→ DATA SECTION:
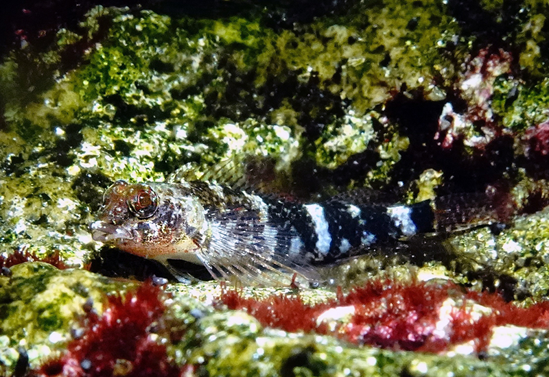 まずは「ヘビギンポ」です。名前にヘビと付きますが体は細長くありません。そんなヘビギンポですが、口先がとがっていて物陰から顔だけを出しているさまが、なんとなくヘビに見えませんか? 水槽内では、垂直に立った岩にも器用に体を固定させ、物陰からきょろきょろと周りを見回している姿をよく目にします。みなさんもこの魚のヘビに見えるポイントを観察してみてはいかがでしょうか。
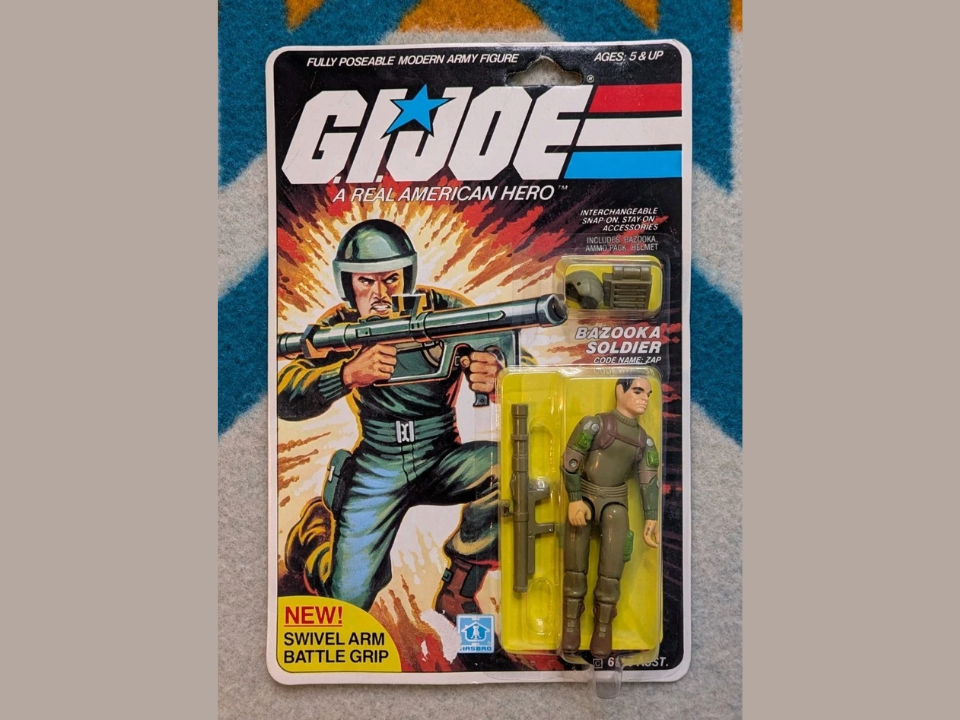 Zap de la ligne GI Joe de 1984 ressemble à première vue à un autre soldat vêtu de vert, mais certaines variantes avec carte ont attiré une attention particulière. Un exemple scellé notable de Bazooka Soldier Zap s’est vendu pour environ 7 950 $ en 2018, prouvant à quel point une variante rare dans son emballage d’origine peut être puissante pour le marché Joe. Les collectionneurs accordent une attention particulière aux dos des cartes, aux marquages du pays d’origine et aux petites différences de texte qui distinguent ces variantes des versions ordinaires.
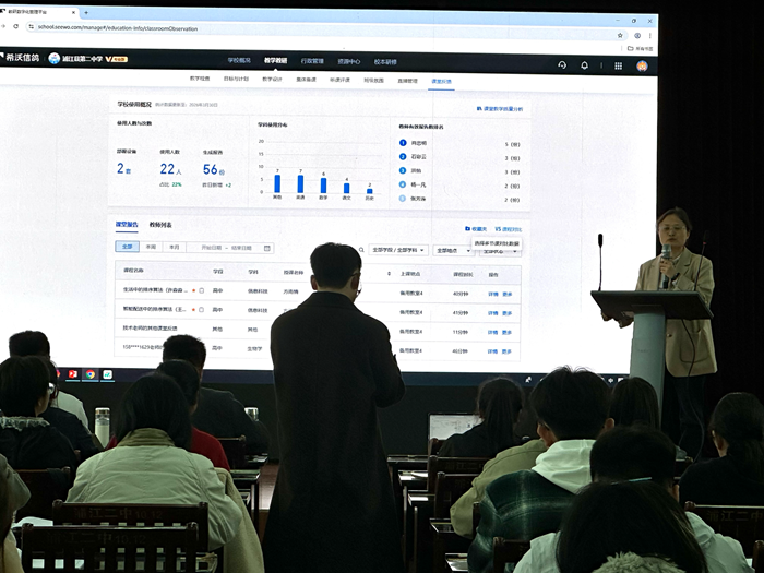 作為本次高規格活動的承辦方,浦江二中始終以教育數字化轉型為核心抓手,深耕數智賦能教育的創新實踐,打造了極具特色的智慧教育生態。學校立足人工智能與教育教學深度融合的發展方向,全面推進智慧校園建設,新校區全域布局希沃全系列智慧教育裝備,交互智能大屏、課堂智能反饋系統、移動錄播系統等實現全場景覆蓋。從日常課堂的精準教學到大型教研活動的高效開展,希沃穩定高效的智慧教學環境,不僅為全校師生帶來了沉浸式、個性化的優質教學體驗,更以堅實的技術支撐與一流的活動保障,為本次全市頂尖教研活動的圓滿舉辦筑牢了數智根基,充分彰顯了學校在教育數字化領域的領先實力與名校擔當。

→ ASSIGNED TASK:
Reproduce the listing exactly. Do not include its images.

→ OUTPUT OF THE TASK:
 まずは「ヘビギンポ」です。名前にヘビと付きますが体は細長くありません。そんなヘビギンポですが、口先がとがっていて物陰から顔だけを出しているさまが、なんとなくヘビに見えませんか? 水槽内では、垂直に立った岩にも器用に体を固定させ、物陰からきょろきょろと周りを見回している姿をよく目にします。みなさんもこの魚のヘビに見えるポイントを観察してみてはいかがでしょうか。
 Zap de la ligne GI Joe de 1984 ressemble à première vue à un autre soldat vêtu de vert, mais certaines variantes avec carte ont attiré une attention particulière. Un exemple scellé notable de Bazooka Soldier Zap s’est vendu pour environ 7 950 $ en 2018, prouvant à quel point une variante rare dans son emballage d’origine peut être puissante pour le marché Joe. Les collectionneurs accordent une attention particulière aux dos des cartes, aux marquages du pays d’origine et aux petites différences de texte qui distinguent ces variantes des versions ordinaires.
 作為本次高規格活動的承辦方,浦江二中始終以教育數字化轉型為核心抓手,深耕數智賦能教育的創新實踐,打造了極具特色的智慧教育生態。學校立足人工智能與教育教學深度融合的發展方向,全面推進智慧校園建設,新校區全域布局希沃全系列智慧教育裝備,交互智能大屏、課堂智能反饋系統、移動錄播系統等實現全場景覆蓋。從日常課堂的精準教學到大型教研活動的高效開展,希沃穩定高效的智慧教學環境,不僅為全校師生帶來了沉浸式、個性化的優質教學體驗,更以堅實的技術支撐與一流的活動保障,為本次全市頂尖教研活動的圓滿舉辦筑牢了數智根基,充分彰顯了學校在教育數字化領域的領先實力與名校擔當。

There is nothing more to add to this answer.